United States: Divided Ninth Circuit Panel, Reversing Itself, Holds That Amazon's Search Results Do Not Cause A Likelihood Of Initial Interest Confusion

In a closely watched case involving the design of the search results page on Amazon.com, a divided panel of the Ninth Circuit held that the page did not create a likelihood of initial interest confusion.

The court had originally reached the opposite conclusion back in July, in a decision written by Judge Carlos Bea over the dissent of Judge Barry Silverman. Following a motion for reconsideration, the third judge on the panel, Senior District Judge Gordon Quist (sitting by designation), without explanation, switched his vote, turning Judge Silverman's dissent into the majority opinion.

The case was brought by MTM, a company that manufactures military-style wristwatches under brands like "MTM Special Ops." MTM's watches are not sold on Amazon. If a consumer searches for the phrase "MTM Special Ops" in the Amazon search bar, she will be taken to a page where that phrase is repeated three times: (i) in the search field; (ii) in quotes immediately below the search field; and (iii) in the phrase "Related Searches: MTM special ops watch." The consumer would also be presented with a list of results that includes watches manufactured by other companies. Next to a picture of the watch, the name of its seller would appear twice (e.g., "Luminox Men's 8401 Black Ops Watch by Luminox").

MTM alleged that the search results created initial interest confusion. That is, MTM argued, a consumer may be initially confused into believing the watches in the search results were MTM watches, causing her to pay attention to a competitor's watch when she otherwise might not have. The Ninth Circuit and other courts have held that such confusion is actionable under the Lanham Act, even if the consumer is not confused at the point of sale—i.e., she discovers prior to purchase that the watch is not an MTM watch. Notably, MTM did not present survey evidence.

The district court granted summary judgment in favor of Amazon, holding that, as a matter of law, there was no likelihood of confusion. As noted above, a divided panel of the Ninth Circuit originally reversed and remanded. However, upon reconsideration, the panel affirmed the district court's judgment.

The majority found that the traditional likelihood-of-confusion factors set forth in AMF Inc. v. Sleekcraft Boats, 599 F.2d 341 (9th Cir. 1979), were "not particularly apt" in the context of an Internet search page. In the court's view, "the Sleekcraft test was developed for a different problem—i.e., for analyzing whether two competing brands' marks are sufficiently similar to cause consumer confusion," as opposed to here, where "the confusion is not caused by the design of the competitor's mark, but by the design of the web page that is displaying the competing mark and offering the competing products for sale." The court, thus, looked to a new factor that it had fashioned in similar cases, namely, "the labeling and appearance of the advertisements and the surrounding context on the screen displaying the results page." The court determined that the case could be resolved by answering two questions: "(1) Who is the relevant reasonable consumer?; and (2) What would he reasonably believe based on what he saw on the screen?"

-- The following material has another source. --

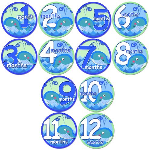 BABY WHALES Onesie stickers are great baby shower gift!;Adhesive sticker is super thin, and waterproof.;Flexible and tear proof allowing it to bend with the babies movement.;Baby month stickers are used placed on the baby's shirt, as a photo prop for pictures.;Extra durable adhesive is completely removable.

The court, thus, looked to a new factor that it had fashioned in similar cases, namely, "the labeling and appearance of the advertisements and the surrounding context on the screen displaying the results page."

As to the first question, the court determined that because the goods at issue were expensive, the relevant consumer "is a reasonably prudent consumer accustomed to shopping online." Thus, it was unnecessary to determine whether "[u]nreasonable, imprudent and inexperienced" consumers were likely to be confused by Amazon's search results.

As to the second question, the majority concluded that a review of the search results page showed that confusion was "highly unlikely" because the products were clearly labeled "by brand name and model number accompanied by a photograph of the item." Therefore, it was "unreasonable to suppose that the reasonably prudent consumer accustomed to shopping online would be confused about the source of the goods." In light of this finding, any factual disputes between the parties were immaterial and summary judgment was appropriate.

In his dissent, Judge Bea criticized the majority for supplanting the role of the jury in deciding whether consumers are likely to be confused. The dissent also argued that the majority did not properly consider the possibility of initial interest confusion, focusing instead on the likelihood of confusion at the point of sale. Judge Bea, concluding that a rational jury could infer that users would be confused by the search results, would have remanded the case for trial.

Whichever view ultimately prevails could have a major impact on the design of search results pages on e-commerce websites.

The case is Multi Time Machine, Inc. v. Amazon.com, Inc., 792 F.3d 1070 (9th Cir. 2015).

The content of this article is intended to provide a general guide to the subject matter. Specialist advice should be sought about your specific circumstances.